They are the ones who instantly say I must be faking it and hear all
the jokes about being on TV one night from a hidden camera like they
have on the news once in a while.

You never get use to it, but you learn to ignore it after a while.
Or at least try to.

Like when I have tried for apprenticeships, more than a few times
have I been welcomed to come and talk to jewelers, but being as I
don’t want to lie or mislead them, I tell them about my problem. That
is where to conversation turns. I’ve had people immediately say
things like they have ADD or Dyslexia, or, I have a bad back I know
what you mean. I really don’t know why they say this, but its usually
followed by followed by, "we really don’t have time to train anyone."
Then I think, but you told me to come in and see you about one?

Now some of those same people have turned out to be good friends and
have helped me if I ever had a jewelry related question, but I doubt
I would ever see anyone with a disability work for them. I think a
lot of it has to do with the jewelry Image as much as not
understanding disabilities. High class and perfection. is a common
theme that jewelers portray. Which is good because I doubt anyone
would by from a store that promoted low class and sloppy work * lol *
Even though I don’t have the type cast look of a disabled person, I
still am, and that is enough to turn them off me. In a way, I
understand it, as they are just doing what they feel if good for
their business, and that is how they make a living. One of the things
I always do, and my X wife hated it, was try to look at things from
both sides. I try to understand why a person would say or do
something when there is a problem.
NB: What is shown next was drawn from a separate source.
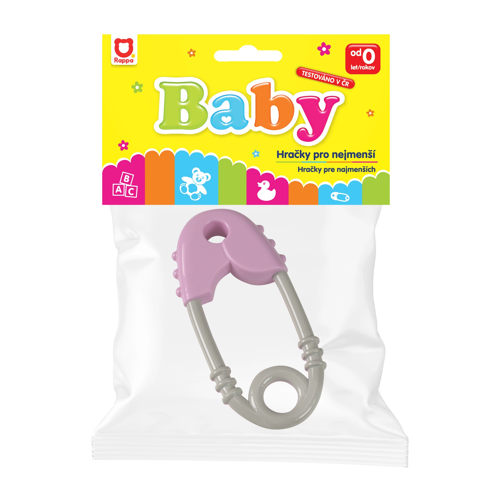 Drošs un krāsains grabulis nodrošina jūsu bērnam izklaidi ar noturīgām krāsām un maigām līnijām bez asām malām.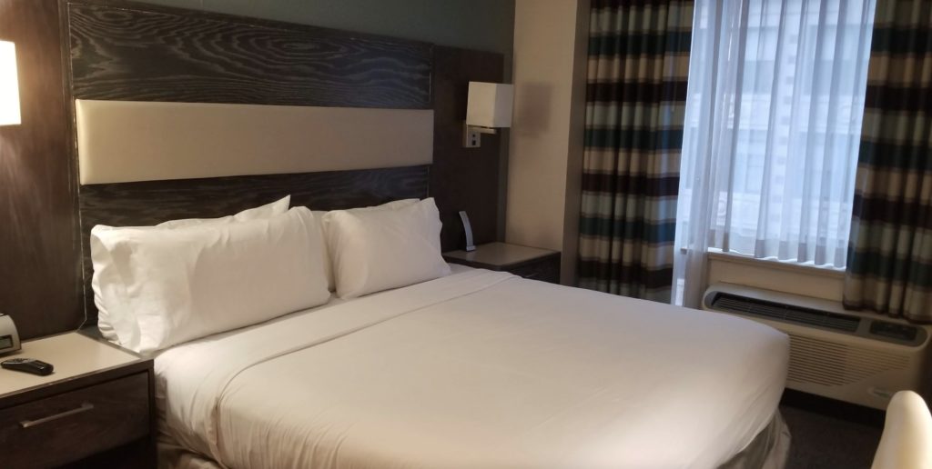I booked a 1 King bed room at the Holiday Inn Express Times Square South even though I was staying with my daughter. I think there was only the option to get “random room” when I booked. And then when I checked in, I forgot to ask about getting 2 beds. The bed was okay but shorter than a normal king bed – I’m about 6′ tall and unless I was right u against the headboard my feet slightly hung off the end. The pillows were flat like most hotel pillows.

I find it does 2 major things for
me. One is that the time I spend considering all the ways one might
approach a situation, I cool off myself. And Second, If I look at it
from their view point, I have a much better chance at, at least
calming the situation. I don’t assume every thing can come out to my
benefit, but at least to the point where I don’t get punched ! * lol

Thanks to everyone here for the encouragement and ideas. It has been
a great help

One thing I have learned over the years (over 60) is that ignorance
is curable, and stupidity is for forever.

How close is Washington University in St. Louis to where you live ?
This school used to have a great metals program maybe it still does,
and your vo rehab would have less problems accepting your
application to that school.

Gail

Gail

Washington University Use to have a great metals program. Like many
universities here in St Louis, they dropped it. Maryville, a private
university ( big bucks) has a great program. SIUE in Edwardsville
Illinois about 25 minutes from St. Louis has a great program as
well.But because I live in Missouri and SIUE in Illinois, it would
cost about the same to go to Maryville, whose instructors trained
under the same main instructor at SIUE) SIUC, Carbondale Illinois is
world famous for its jewelry program, but that is really to far and
to expensive, once again, I"m out of state there.

There is an independent place in St. Louis called Craft Alliance. It
has pretty good jewelry classes, but they are kind of expensive for
me. I emailed them about financial aid and other options, but have
not heard back yet. Who knows, I might get lucky one of these days.
But until then, I just keep on looking around and practicing in my
basement and hope something happens.